Jiribillado Encuentroso.

Anonymous said...

Por lo pronto desde hace bastante Encuentro jura que Morán de la Habana Elegante perjura que no es Gabor el autor del texto

Anonymous said...

Mil gracias a este blog que sirve exelentemente de plataforma viva para poder hacer comentarios a la sección de Contra Encuentro en encuentro en la red
Ana2

Anonymous said...

la pregunta que me hago, sobre lo que dices sobre ENCUENTRO, es qué harias tú si dirigieras la Asociación? La respuesta es simple: serías uno de ellos, tan igual y tan amante de la plata como hoy eres. Tú también vives de lo mismo Abicú... no gastes pensamientos en echarle culpa a los que nacieron por la suerte de la oposición...intenta girar tu cabeza para atacar todos los días a la dictadura y olvídate de los que hacen al menos algo para derrocarla.
tu adorarias tener los euros de encuentro, para gastarlo...en...

Anonymous said...

Bueno, en Julio envié a Encuentro y publiqué aquí la carta -Me alegraría mucho que Encuentro se “salve-mejorando”- que pueden leer más arriba.

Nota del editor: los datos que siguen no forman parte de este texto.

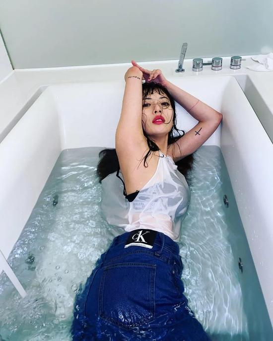 太爱这湿发造型了吧!虽然在我的眼里没有不好看的湿发造型,但这个也太可了。无比性感的湿发、红唇,但手臂上的小学生文身,又透露着可爱的气息。重点是这浓而不厚重的眼睫毛,点睛之笔!

El haberla colocado públicamente aquí fué lo más sabio, porque hasta el sol de hoy, ni me han contestado ni han movido ficha. Ellos sabrán porqué. Por lo mismo mi opinion es hoy mucho más radical que antes.
Sólo me resta decir: Vivan los Abicúes!

Rey Alfonso

Anonymous said...

Encuentro en la Red agradece los comentarios, inquietudes y críticas de sus lectores. Las cartas no deberán exceder las 200 palabras e incluirán el nombre y la ciudad del remitente. La redacción se reserva el derecho de editar o resumir los textos.Ji,ji,ji,jiJaja

Anonymous said...

Dices:....serías uno de ellos, tan igual y tan amante de la plata..., NO ME DEFIENDAS COMPADRE!